## Extracted records
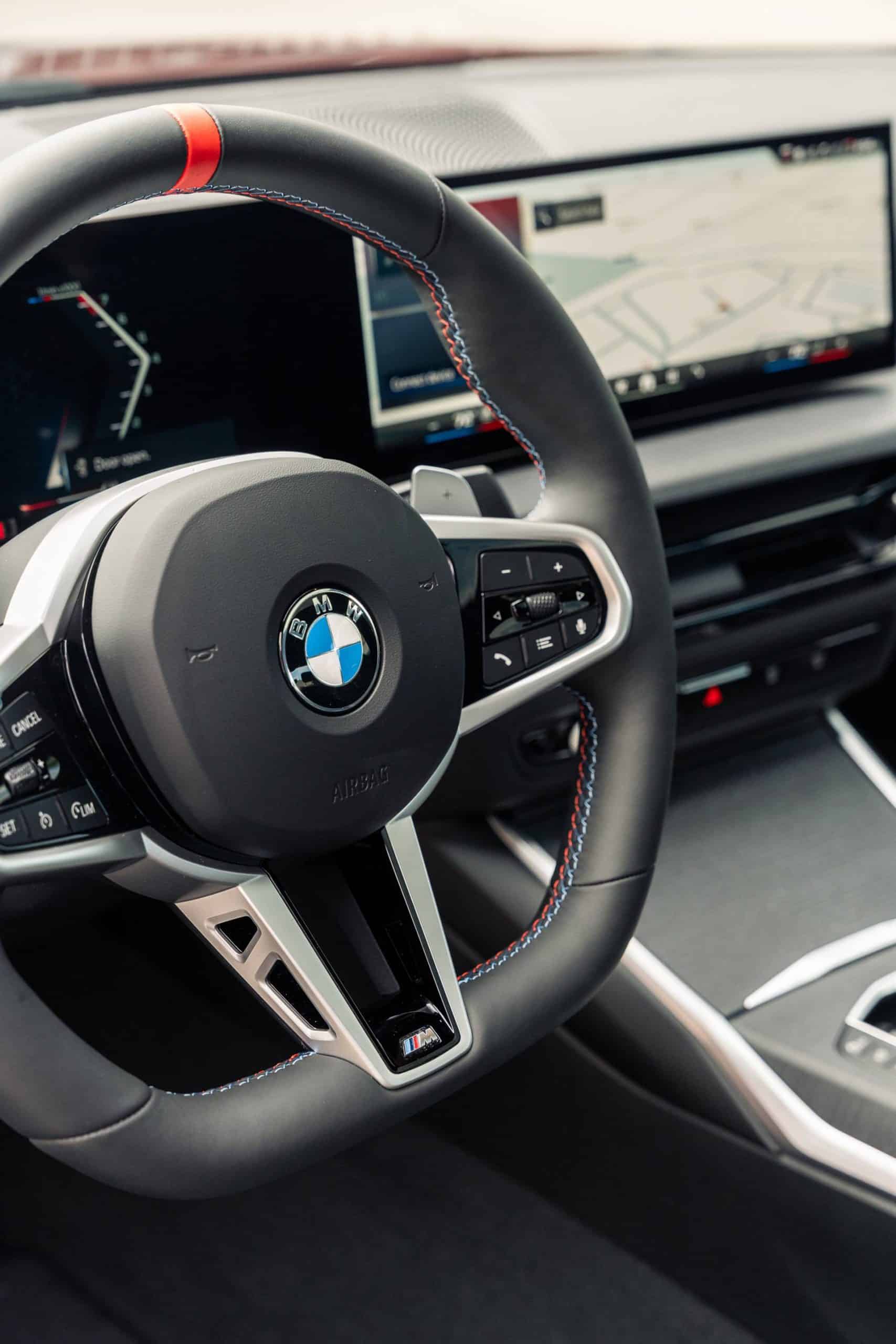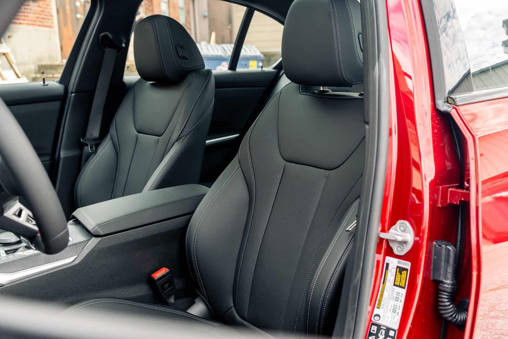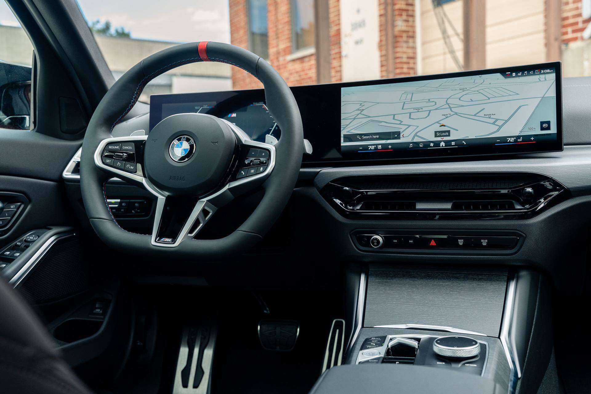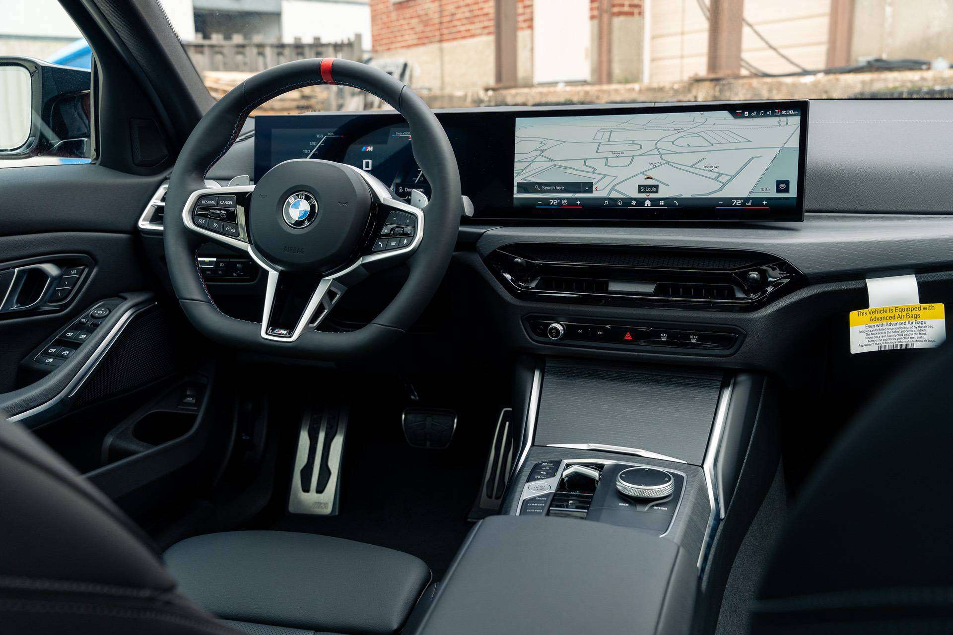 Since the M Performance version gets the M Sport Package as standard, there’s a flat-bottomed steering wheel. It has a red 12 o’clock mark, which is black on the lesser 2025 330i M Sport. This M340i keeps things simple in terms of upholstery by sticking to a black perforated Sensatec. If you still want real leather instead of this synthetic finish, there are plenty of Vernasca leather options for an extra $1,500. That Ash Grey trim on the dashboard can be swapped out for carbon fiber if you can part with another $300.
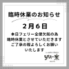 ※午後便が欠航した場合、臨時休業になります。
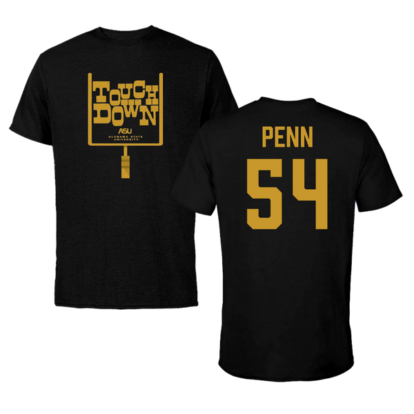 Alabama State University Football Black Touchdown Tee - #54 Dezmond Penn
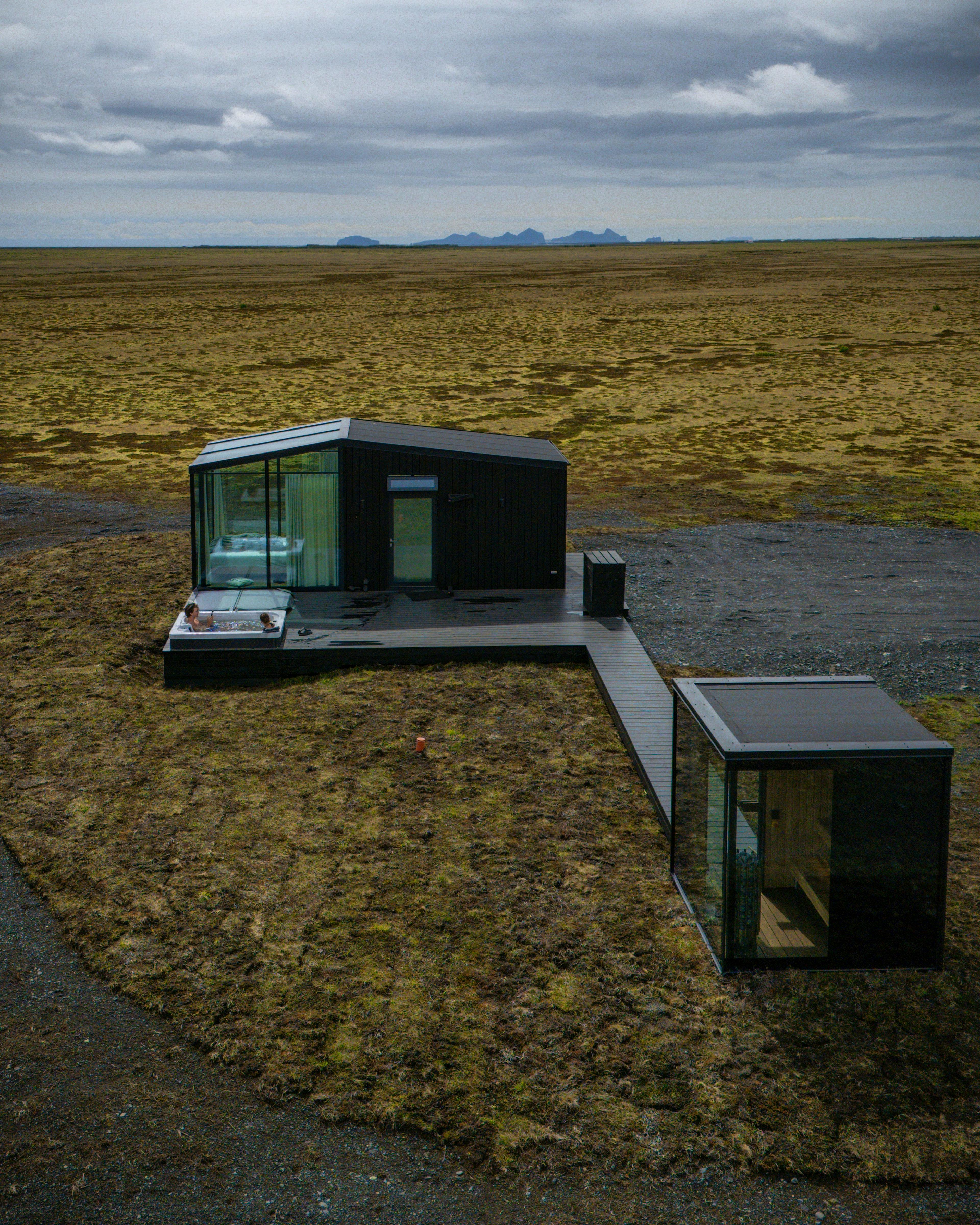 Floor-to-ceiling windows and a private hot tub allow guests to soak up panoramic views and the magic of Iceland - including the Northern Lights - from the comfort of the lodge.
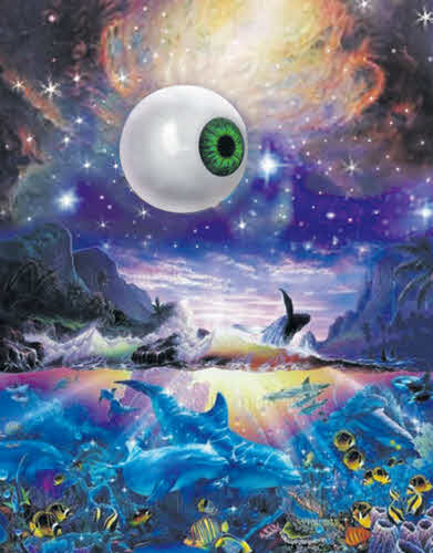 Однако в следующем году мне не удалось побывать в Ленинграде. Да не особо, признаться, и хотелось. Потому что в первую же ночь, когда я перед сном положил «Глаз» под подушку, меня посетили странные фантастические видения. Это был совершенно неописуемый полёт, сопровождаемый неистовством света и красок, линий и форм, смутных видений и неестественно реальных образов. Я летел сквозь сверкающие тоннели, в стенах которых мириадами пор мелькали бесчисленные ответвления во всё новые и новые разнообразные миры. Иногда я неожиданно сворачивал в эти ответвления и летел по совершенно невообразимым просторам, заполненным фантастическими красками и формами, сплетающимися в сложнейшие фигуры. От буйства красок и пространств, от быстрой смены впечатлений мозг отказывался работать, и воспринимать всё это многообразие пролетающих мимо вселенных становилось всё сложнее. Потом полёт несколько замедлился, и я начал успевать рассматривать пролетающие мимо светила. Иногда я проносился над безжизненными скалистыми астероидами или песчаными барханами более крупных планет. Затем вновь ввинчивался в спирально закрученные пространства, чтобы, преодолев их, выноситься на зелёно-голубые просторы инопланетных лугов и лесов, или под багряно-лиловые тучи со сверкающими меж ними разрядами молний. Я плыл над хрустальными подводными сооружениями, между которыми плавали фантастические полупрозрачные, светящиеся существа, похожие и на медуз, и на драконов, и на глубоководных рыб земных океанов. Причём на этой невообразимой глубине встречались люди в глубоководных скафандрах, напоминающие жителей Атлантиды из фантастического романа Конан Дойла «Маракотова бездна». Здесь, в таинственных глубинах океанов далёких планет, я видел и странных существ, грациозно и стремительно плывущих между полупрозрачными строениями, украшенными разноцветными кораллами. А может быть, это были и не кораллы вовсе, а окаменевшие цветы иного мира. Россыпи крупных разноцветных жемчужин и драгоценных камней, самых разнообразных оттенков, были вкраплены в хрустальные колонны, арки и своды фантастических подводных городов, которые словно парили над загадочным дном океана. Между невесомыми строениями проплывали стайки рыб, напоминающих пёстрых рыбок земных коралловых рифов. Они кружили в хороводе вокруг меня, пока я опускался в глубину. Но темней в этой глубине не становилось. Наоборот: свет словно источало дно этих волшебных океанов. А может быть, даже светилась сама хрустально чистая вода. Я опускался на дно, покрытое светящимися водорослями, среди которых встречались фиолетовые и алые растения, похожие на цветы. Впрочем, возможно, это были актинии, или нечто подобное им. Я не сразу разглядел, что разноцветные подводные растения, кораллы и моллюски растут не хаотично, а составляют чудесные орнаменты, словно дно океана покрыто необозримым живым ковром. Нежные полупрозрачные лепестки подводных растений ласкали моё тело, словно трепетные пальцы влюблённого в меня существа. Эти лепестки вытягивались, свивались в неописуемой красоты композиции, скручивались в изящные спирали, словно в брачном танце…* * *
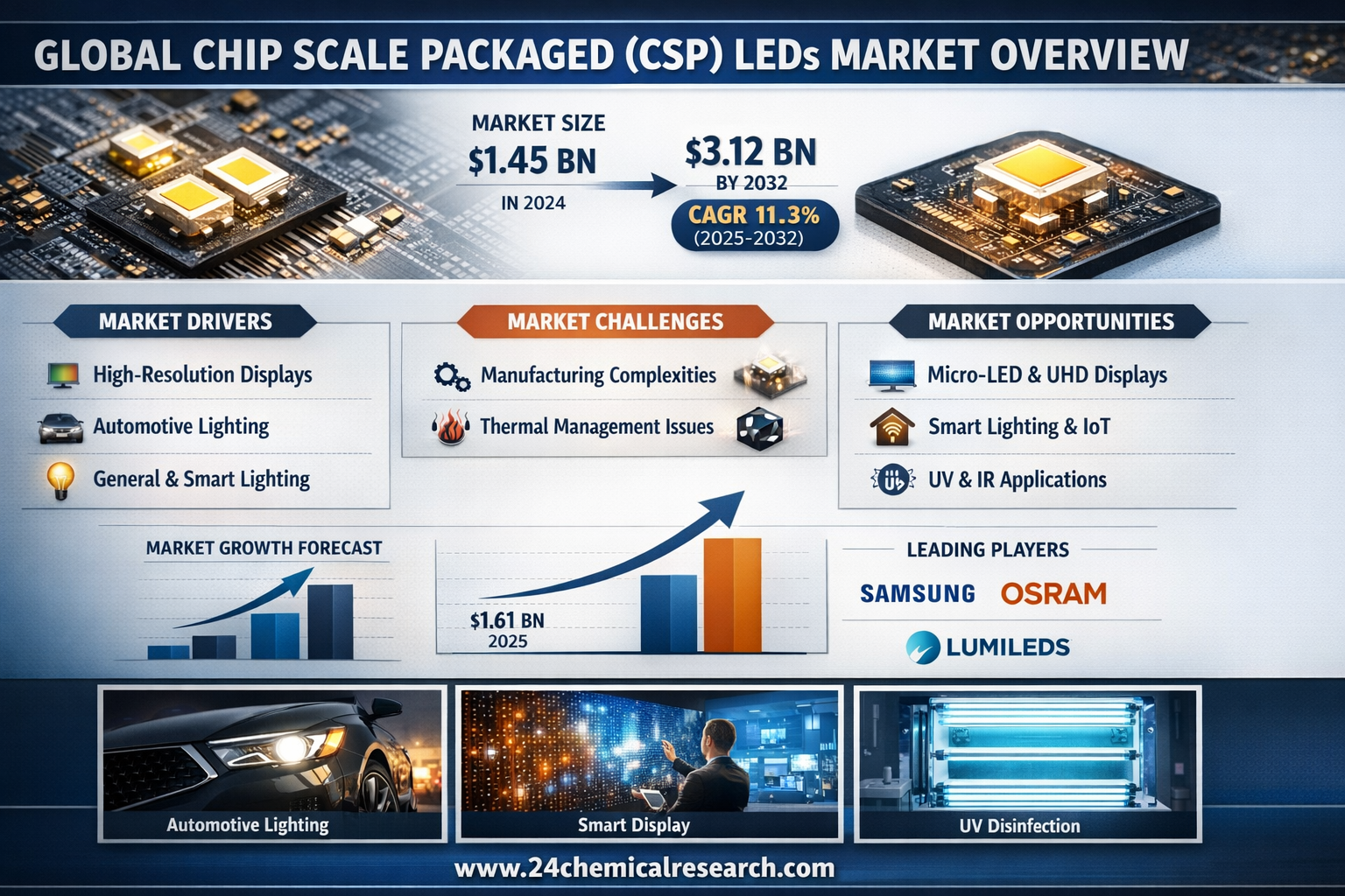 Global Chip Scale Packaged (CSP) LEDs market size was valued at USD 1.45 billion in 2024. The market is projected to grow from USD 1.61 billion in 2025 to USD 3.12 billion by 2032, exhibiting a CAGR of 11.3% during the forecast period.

## Work instructions
Every line from the start of the listing above through the line with "Floor-to-ceiling windows and" should be repeated exactly; skip the pictures and add nothing else.

## Task answer
 Since the M Performance version gets the M Sport Package as standard, there’s a flat-bottomed steering wheel. It has a red 12 o’clock mark, which is black on the lesser 2025 330i M Sport. This M340i keeps things simple in terms of upholstery by sticking to a black perforated Sensatec. If you still want real leather instead of this synthetic finish, there are plenty of Vernasca leather options for an extra $1,500. That Ash Grey trim on the dashboard can be swapped out for carbon fiber if you can part with another $300.
 ※午後便が欠航した場合、臨時休業になります。
 Alabama State University Football Black Touchdown Tee - #54 Dezmond Penn
 Floor-to-ceiling windows and a private hot tub allow guests to soak up panoramic views and the magic of Iceland - including the Northern Lights - from the comfort of the lodge.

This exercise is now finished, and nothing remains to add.